Nanfang Communication Holdings Limited (“NANFANG COMM”) has convened its 2026 annual general meeting for 3:00 p.m. on 24 June 2026 at Unit 902, 9/F, Capital Centre, 151 Gloucester Road, Wan Chai, Hong Kong.
Shareholders will vote on the following ordinary resolutions:
• Financial Statements: Adoption of the audited consolidated results and the directors’ and auditor’s reports for the year ended 31 December 2025.
• Board Composition: Re-election of Mr Yu Jinlai (non-executive), Mr Shi Ming (executive), Mr Chan Kai Wing (independent non-executive) and Ms Ju Hefeng (independent non-executive).
• Directors’ Remuneration: Authorisation for the board to determine directors’ fees.
• Auditor: Re-appointment of BDO Limited, with remuneration to be set by the board.

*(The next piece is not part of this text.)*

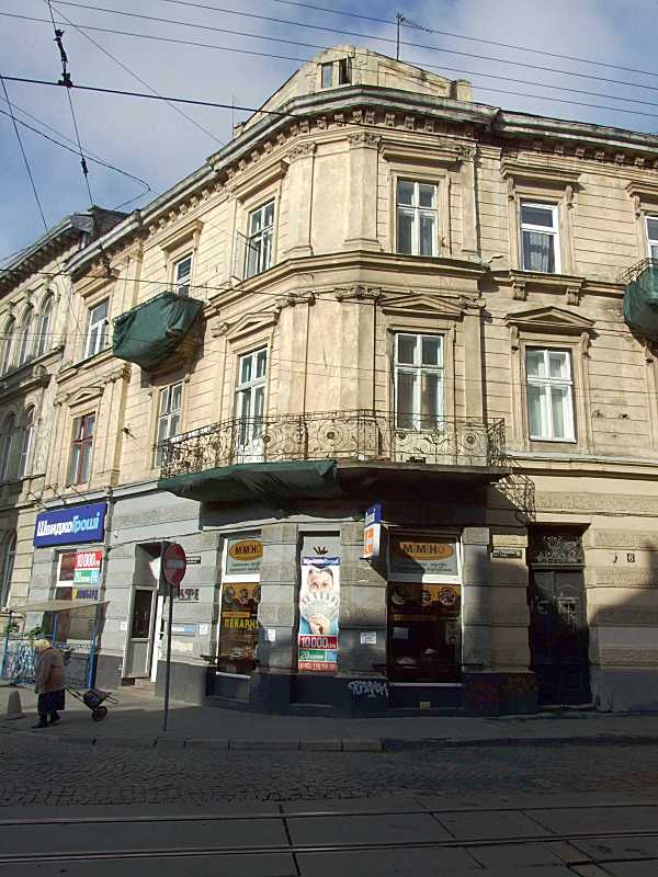 Наріжна частина фасаду Розмір зображення: 600:800 піксел Фото М.І.Жарких, 4 жовтня 2019 р. Вище | Наступна сторінка

• Share Issuance Mandate: A general authority permitting the board to allot and issue new shares or convertible securities up to 20% of the company’s issued share capital during the mandate period.

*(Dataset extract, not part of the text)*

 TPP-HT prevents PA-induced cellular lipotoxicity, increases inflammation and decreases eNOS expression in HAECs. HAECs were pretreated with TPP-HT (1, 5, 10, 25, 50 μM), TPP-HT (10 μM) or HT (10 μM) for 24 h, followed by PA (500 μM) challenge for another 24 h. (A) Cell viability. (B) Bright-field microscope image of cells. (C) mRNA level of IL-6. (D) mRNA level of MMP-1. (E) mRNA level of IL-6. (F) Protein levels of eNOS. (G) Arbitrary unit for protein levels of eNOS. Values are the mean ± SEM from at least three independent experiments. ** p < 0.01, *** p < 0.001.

• Share Repurchase Mandate: Authority to buy back up to 10% of issued shares (excluding treasury shares) on the Stock Exchange of Hong Kong or other recognised bourses.

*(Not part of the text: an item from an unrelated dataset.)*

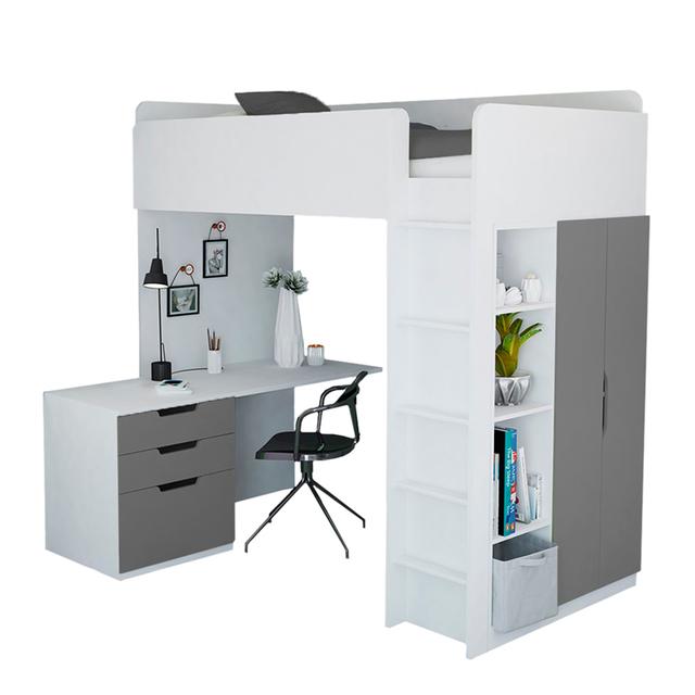 Teremok çerdak-kereweti Teremok çerdak-kereweti — çagalar otagynda ýerleri netijeli ulanmak we funksional dynç alyş zolagyny döretmek üçin ajaýyp çözgütdir. Bu toplum özünde oňaýly ýatylýan ýeri, giň iş stoluny, şkaf we tumbany jemleýär. Berkitme basgançaklary we ýörite gorag gapdallary çaganyň uky wagtynda we hereket edende doly howpsuzlygyny üpjün edýär. Ýakymly reňkleri islendik interýer bilen sazlaşykly utgaşýar. Toplumyň aýratynlyklary: Material: Ýokary hilli LDSP. Howpsuzlyk: Belent gorag germeçleri we durnukly basgançak. Funksionallyk: Içine gurnalan şkaf, ýazuw stoly we tumba. Bellik: Matras toplumyň içine girmeýär. Ölçegleri: Toplumyň umumy ölçegi (IxBxÇ): 205х200х108 sm. Ýatylýan ýeri (IxÇ): 90х190 sm. Şkaf (IxBxÇ): 60х150х47 sm. Iş stoly (IxBxÇ): 150х75х60 sm. Tumba (IxBxÇ): 50х73х58 sm. Basgançak (IxBxÇ): 40х190х9 sm. Eltip bermek we gurnamak: Mugt.

• Mandate Extension: Conditional extension of the 20% issuance limit by the number of shares repurchased under the 10% buy-back mandate.
Key timetable details:
• Share transfer deadline for AGM eligibility: 4:30 p.m., 17 June 2026 • Register of members closed: 18–24 June 2026 (both dates inclusive) • Proxy submission deadline: 3:00 p.m., 22 June 2026
As of the notice date, the board comprises executive directors Mr Shi Ming (CEO), Ms Yu Rumin (Chairman) and Ms Yu Ruping; non-executive director Mr Yu Jinlai; and independent non-executive directors Mr Chan Kai Wing, Mr Liu Cheng Yi and Ms Ju Hefeng.